We currently use only one Autoinvest setting ourselves. All decision-making is now simplified by the fact that there is only one lending company on the platform – Stik Credit. It also stands behind the entire platform’s creation and it is therefore essential for its functionality that it thrives.
How does non-bank lender Stik Credit perform?
Founded in 2013, Stik Credit is a European FinTech company focused on consumer lending, offering short to medium-term loans from EUR 25 to EUR 2,550 for up to 24 months. As of January 2021, Stik Credit has originated more than EUR 30 million worth of loans and has granted nearly 36,000 loans in 2020 alone.
The number of unique customers has been growing by more than 8,600 customers per year for the past two years. Stik Credit has more than 129,000 unique applicants and more than 17,000 active clients.
It offers its clients two types of products, either a payday loan (a one-off loan before payday) or a short-term loan with a repayment period of up to 24 months. Currently, Stik Credit operates only in Bulgaria, but plans to expand soon to the markets in Macedonia, Kosovo and Albania.

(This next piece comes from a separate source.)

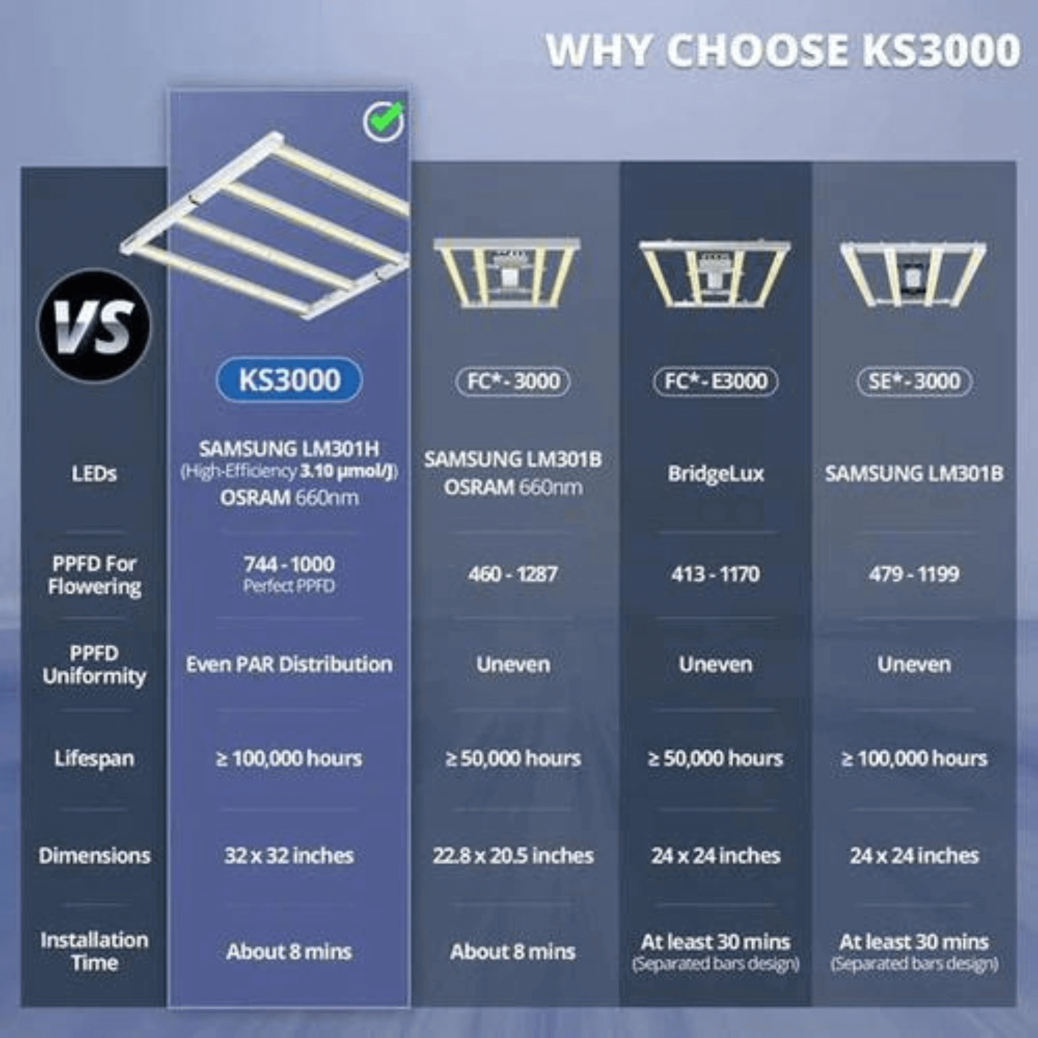 840pcs LEDs: Samsung LM301H 3000K-528pcs, 5000K-288pcs, Osram 660nm-24pcs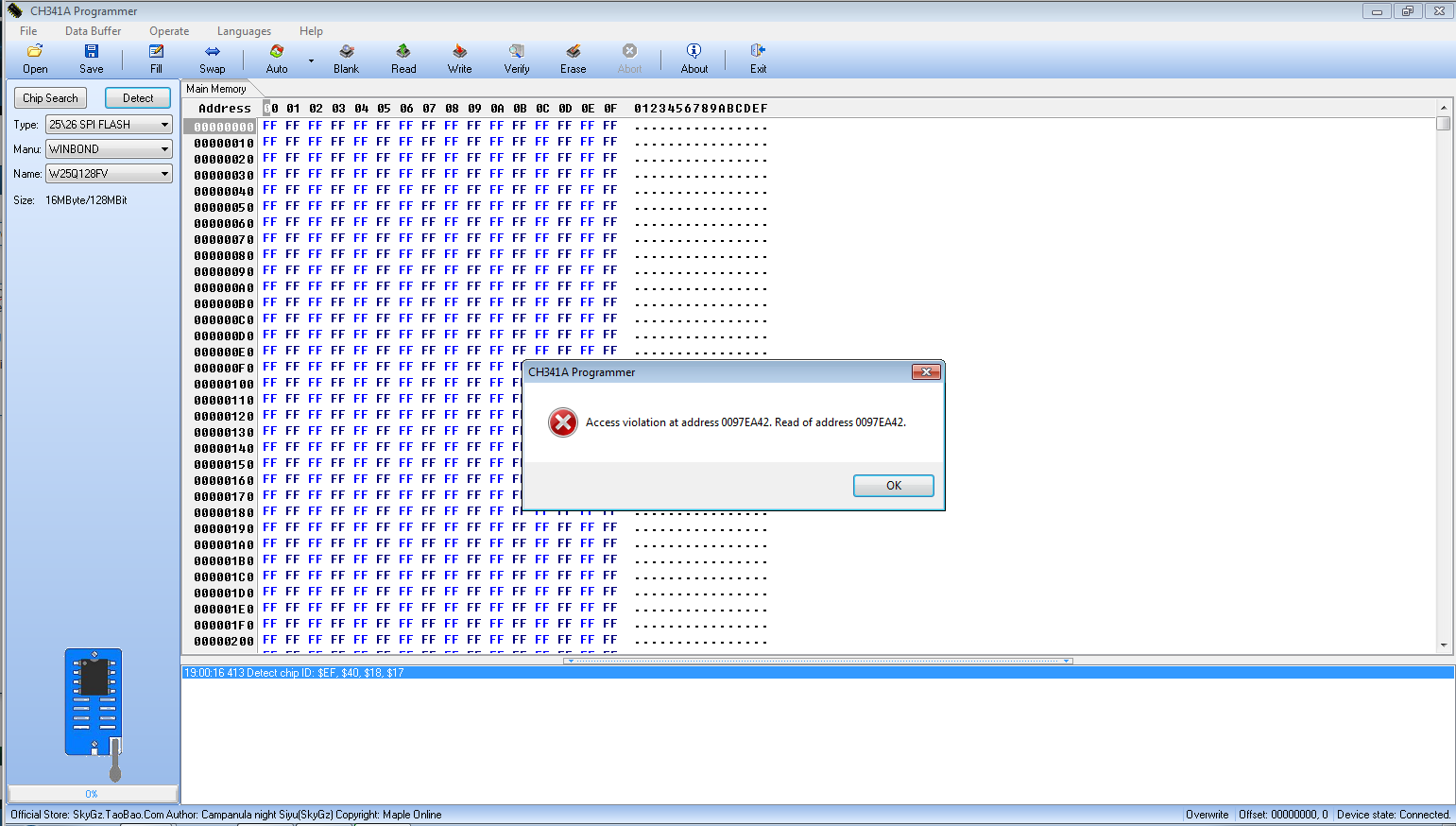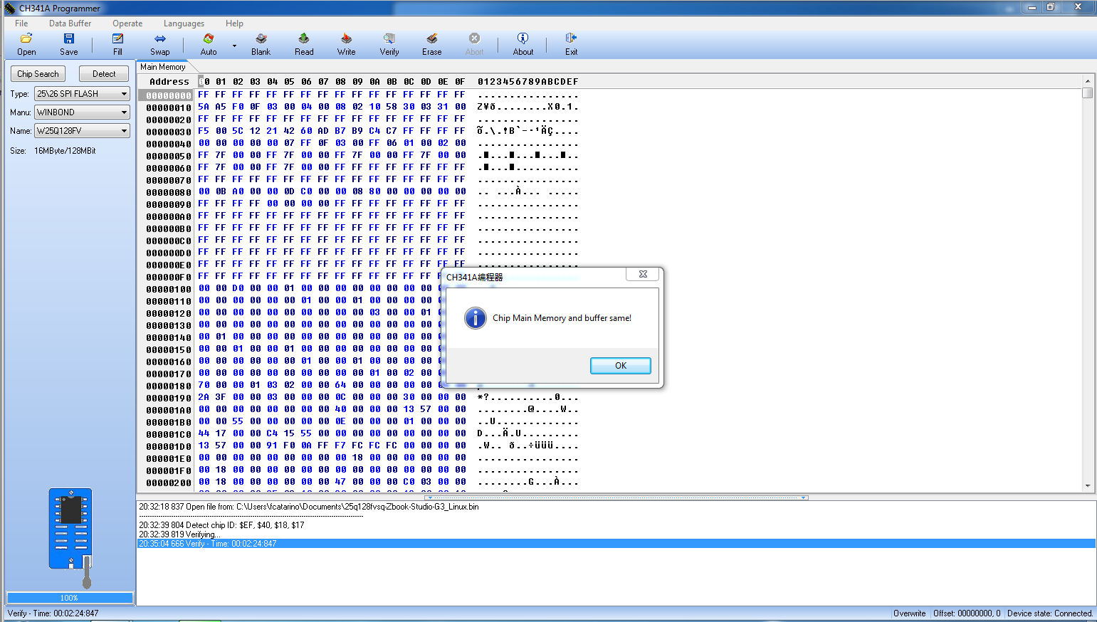 Found Winbond flash chip "W25Q128.V" (16384 kB, SPI) on ch341a_spi.

Stik Credit is no newcomer to P2P lending, and more experienced investors may have already come across its loans on Mintos (which it withdrew from after Afranga launched), Bondster or Viventor. It is now clear that he will focus his efforts on maximizing volume on his platform, where he will avoid the fees of other marketplaces. Also, the highest returns for investors can be expected on Afranga.
Stik Credit – rating and financial results
The independent website ExploreP2P, which deals with the rating of individual lending providers, awarded Stik Credit 65 points out of 100, which puts it among the highest rated providers. The rating on Mintos, before leaving the marketplace in February 2021, showed a score of 5/10, which on the other hand would have placed it among the lowest-rated providers. However, both ratings should be taken with a grain of salt and ideally the company’s statements should be monitored by investor himself from time to time.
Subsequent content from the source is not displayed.